As mentioned in my
previous post, i 'ignorantly' ran over a kitten. it has been a couple of days now and i am still haunted by my action.
i can't stop thinking of how frightened the kitty looked when it ran under my car and the bump when i ran over it. i can't shake off my mind that the only reason it stopped running was because it expected me to alight from my car, pick it up and provide it the security it needed but instead was run over by my ignorance.
the worse part is, i started doubting if i left the kitty at the grove possibly alive. pretty sure it was dead though, the eyes were bulging and i couldn't sense any movement at all...but what if i was wrong? what if the kitten was only unconscious? what if....

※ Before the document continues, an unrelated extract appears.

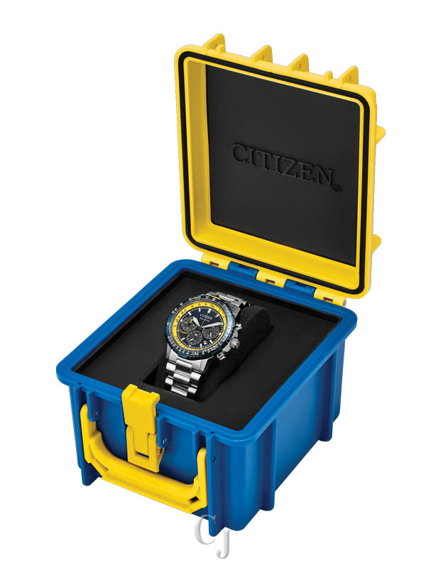 On the wrist, the watch’s silver-tone stainless steel case measures 40mm in diameter, wearing boldly with its sharp faceting and satin finishing, while a slide-rule scale on the blue ion-plated bidirectional bezel provides additional flight utility. A triple-link stainless steel bracelet secures the timepiece. On the dial, a Blue Angels colorway with black and white accents adds to the watch’s superior legibility, while a sapphire crystal and 200m of water resistance protect it all. Functions include a 1/5 second chronograph measuring up to 60 minutes, 12/24 hour time displays, and a date indicator. The movement is protected via a Blue Angels’ insignia-signed case back, and is powered by Citizen’s Eco-Drive technology – sustainably powered by light and never needing a battery. Caliber B620.
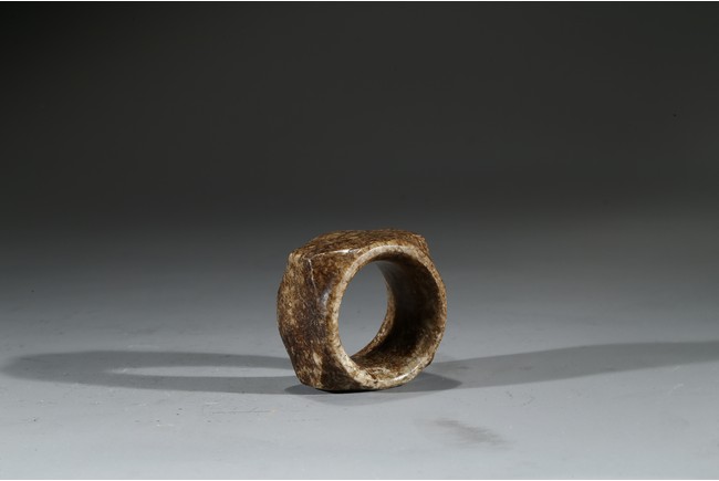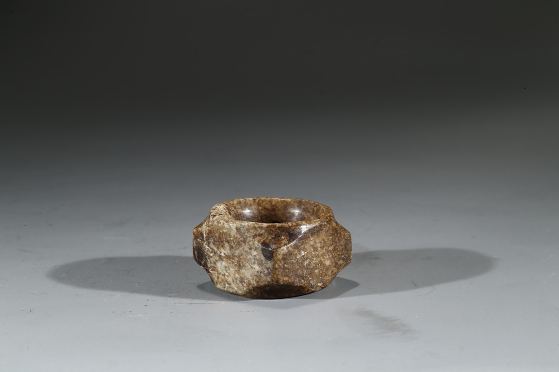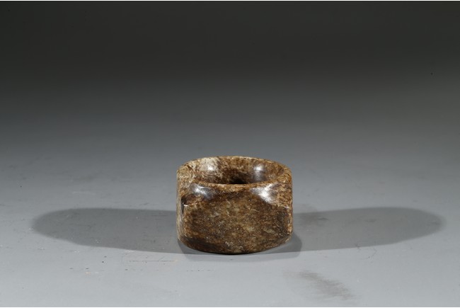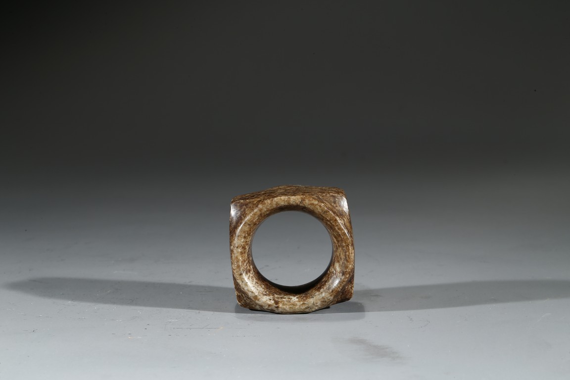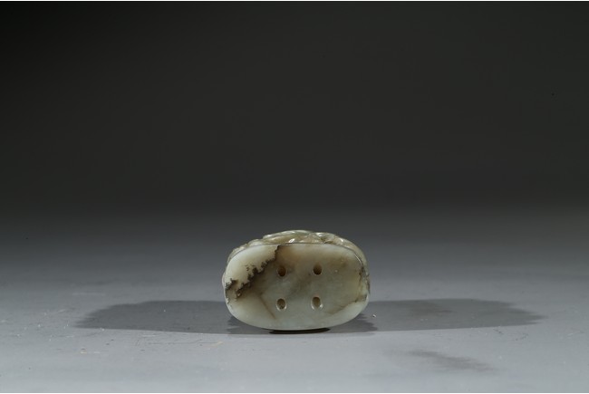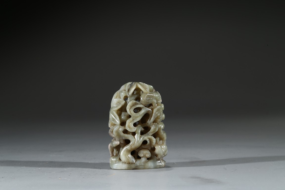 Comprising of a calcified mottled black and white cong; and a finely reticulated jade finial depicting animals on pierced rockworks within a garden setting. Shang Dynasty and Yuan Dynasty period.

yeah..the thought keeps playing in my head like a broken record, and it's all too clear when my hands are on the steering wheel. obviously the guilt hasn't left me, furthermore, it felt like there was something missing...

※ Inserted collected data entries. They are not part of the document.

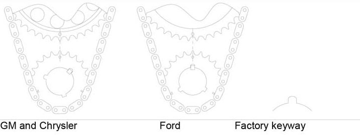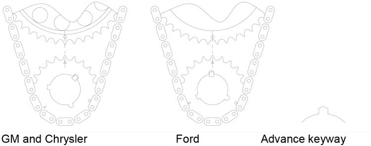 Piñones de manivela de 3 vías Instrucciones de instalación | Alto rendimiento |junio 13, 2019 El piñón del cigüeñal de 3 vías patentado por Cloyes® permite ajustar la sincronización del cigüeñal en ± 4°. Recuerde: El ángulo del árbol de levas es la mitad del ángulo del cigüeñal, por lo que el árbol de levas avanzará o se retrasará correspondientemente en ± 2°. Cambiando la sincronización de las levas, se pueden conseguir mejoras en las características del árbol de levas. Por ejemplo, retrasar la distribución de la leva aumentará la potencia a altas RPM, y avanzar la distribución de la leva aumentará el par a bajas revoluciones. Los siguientes ejemplos ilustran qué marca de sincronización se utiliza con su correspondiente chavetero: Para retrasar la sincronización del árbol de levas, utilice la marca de sincronización en la rueda dentada del cigüeñal y el chavetero de retraso que se muestra arriba. Para la sincronización especificada en fábrica, utilice la marca de sincronización Ο en la rueda dentada del cigüeñal y el chavetero de fábrica mostrado arriba. Notas: Una vez determinado el ajuste a utilizar, aconsejamos marcar (con rotulador blanco o similar) la marca de sincronización y el chavetero correspondientes. Esto hará que sean más fáciles de identificar durante la instalación. Algunos árboles de levas de alto rendimiento se rectifican con avance o retardo incorporado. En este caso, el fabricante de levas pretende que la leva se ajuste a la sincronización especificada de fábrica. Además, durante y después de la instalación, observe si hay alguna interferencia entre el juego de distribución y el bloque del motor. Si se encuentra una interferencia, elimine o rectifique esa zona del bloque para obtener una holgura adecuada. Al retirar un piñón de manivela ajustado a presión, debe utilizarse una herramienta de extracción adecuada. BACK
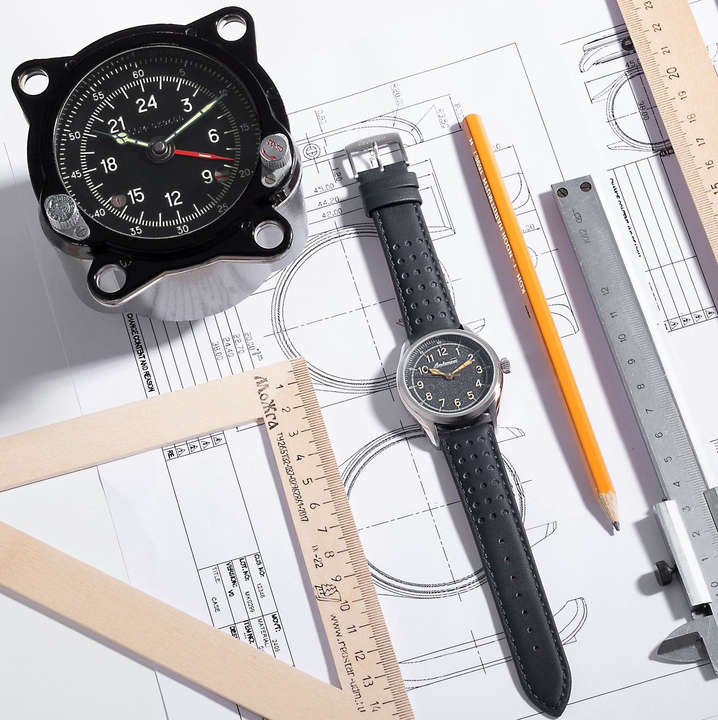 Дизайнерское решение было продиктовано Авиационным часовым прибором 55М использовавашегося в армейской авиации. Это 2 исполнение в меньше размере.
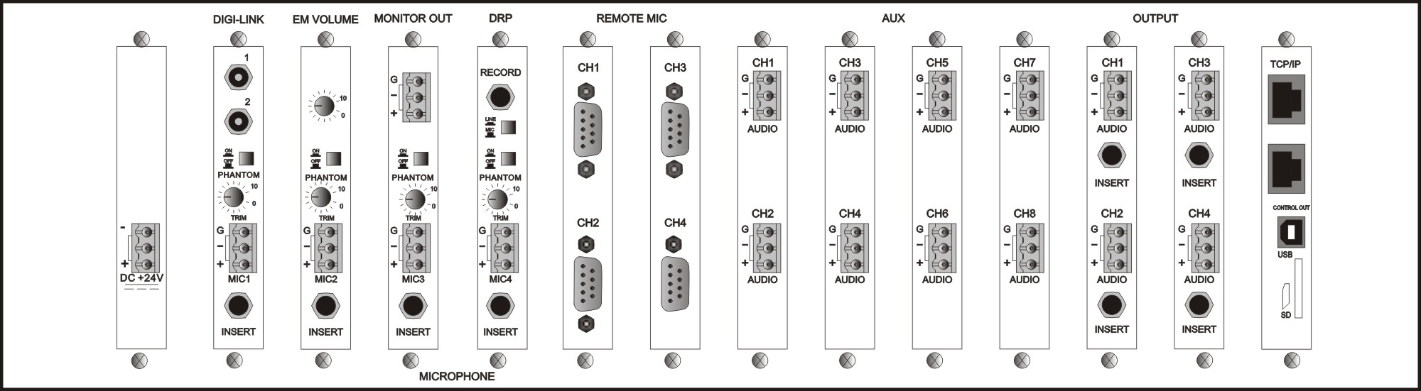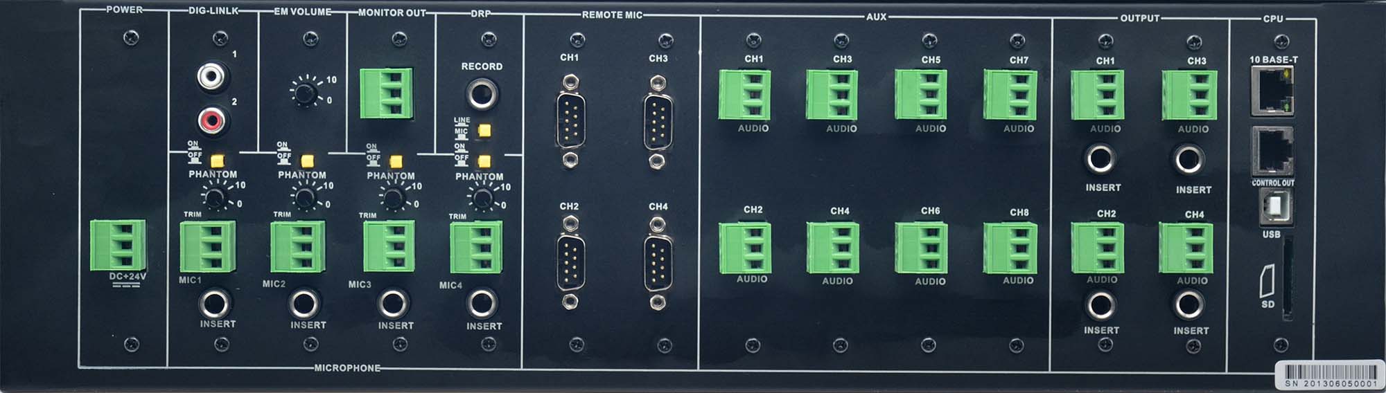 支持4個(gè)普通話筒輸入(帶幻象電源,輸入微調(diào),insert接口)
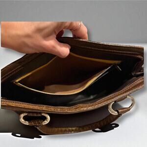 Includes two zippered compartments and one interior zip pocket. Pre-owned and well-maintained—light wear from age, but no major flaws. A rare, timeless accessory that was made to last.
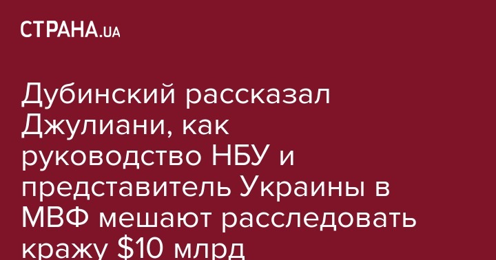 Дубинский рассказал Джулиани, как руководство НБУ и представитель Украины в МВФ мешают расследовать кражу $10 млрд

it was mentioned that the kitty was laid to rest in a grove, but that's just one part of the truth. what i didn't mention was, i left it in the open under a tree. i know it wasn't right, but there wasn't any tools around to dig a grave.

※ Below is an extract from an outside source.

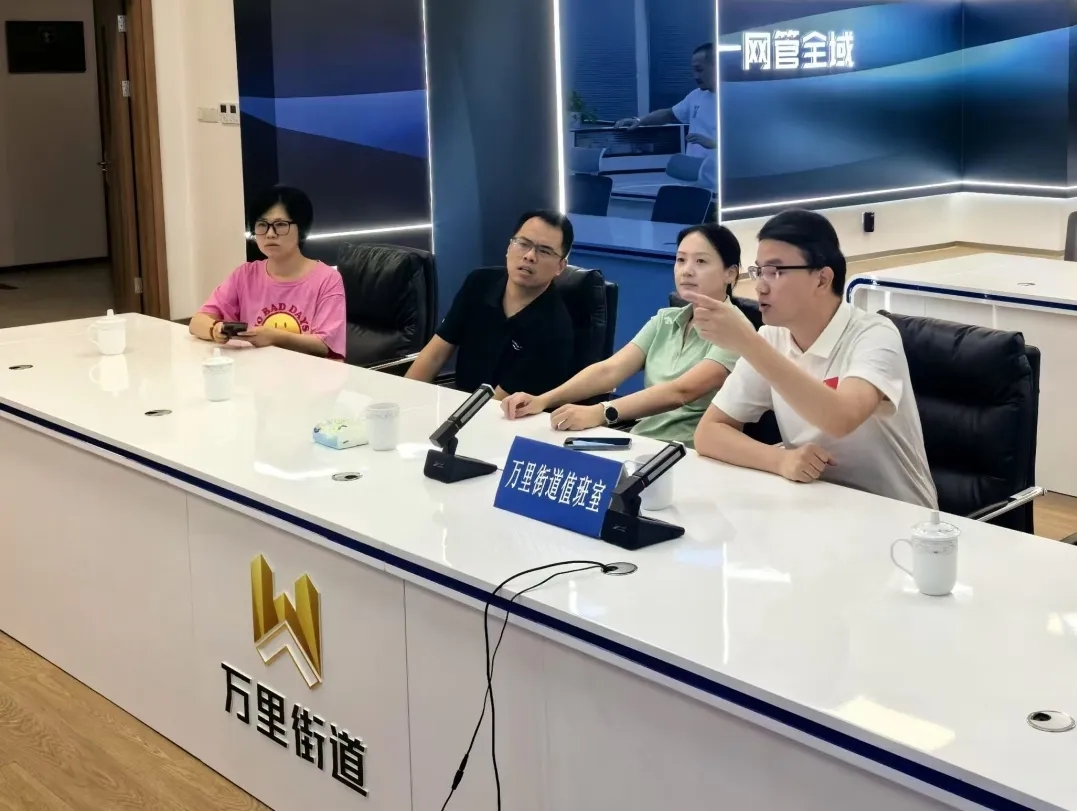 昨日上午,万里街道党工委书记罗艳,党工委副书记、办事处主任林开勇,党工委副书记尹天雨,办事处副主任张宇平,党政办、防汛办在台风来临之际赴辖区内居民区、城运中心通过现场查看、巡屏检查加梯工地安全、小区及沿街树木倒扶处置情况、市政设施抢修情况、沿街商铺场所关闭情况等,要求畅通信息沟通报送机制,及时汇集各方力量全力以赴开展各类应急处置工作。

after work today, i was compelled to return to its resting place half hoping that a miracle occurred and find the kitten alive...injured but alive.
reality sucked, all i found was its remains all bloated up but without any foul stench. i stayed there for a few minutes and stared at it while trying to figure out what exactly was missing..nothing, not even a single thought came into mind.
i returned to my car, lit up a ciggy and just stared blankly into space...and it hit me, i knew the reason why i felt something was missing and it was a name! to some, this may sound silly..even dumb.
all living beings are born with a name and names are born with or given to. without a name, anything would remain insubstantial.
you may argue that a rose by any other name would still smell as sweet. without a name the rose would only be known as a flower but given a name, the flower now has a specific form that we can associate with. in other words, we remember the flower because it is called the rose.
that's what i did...i gave the kitten a name and called it 'Manangkus' which means 'running' in our
Kadazan-Dusun language for the obvious reason. right then, i felt like a burden was lifted off my shoulder. call it strange, weird or whatever you want, i just don't care.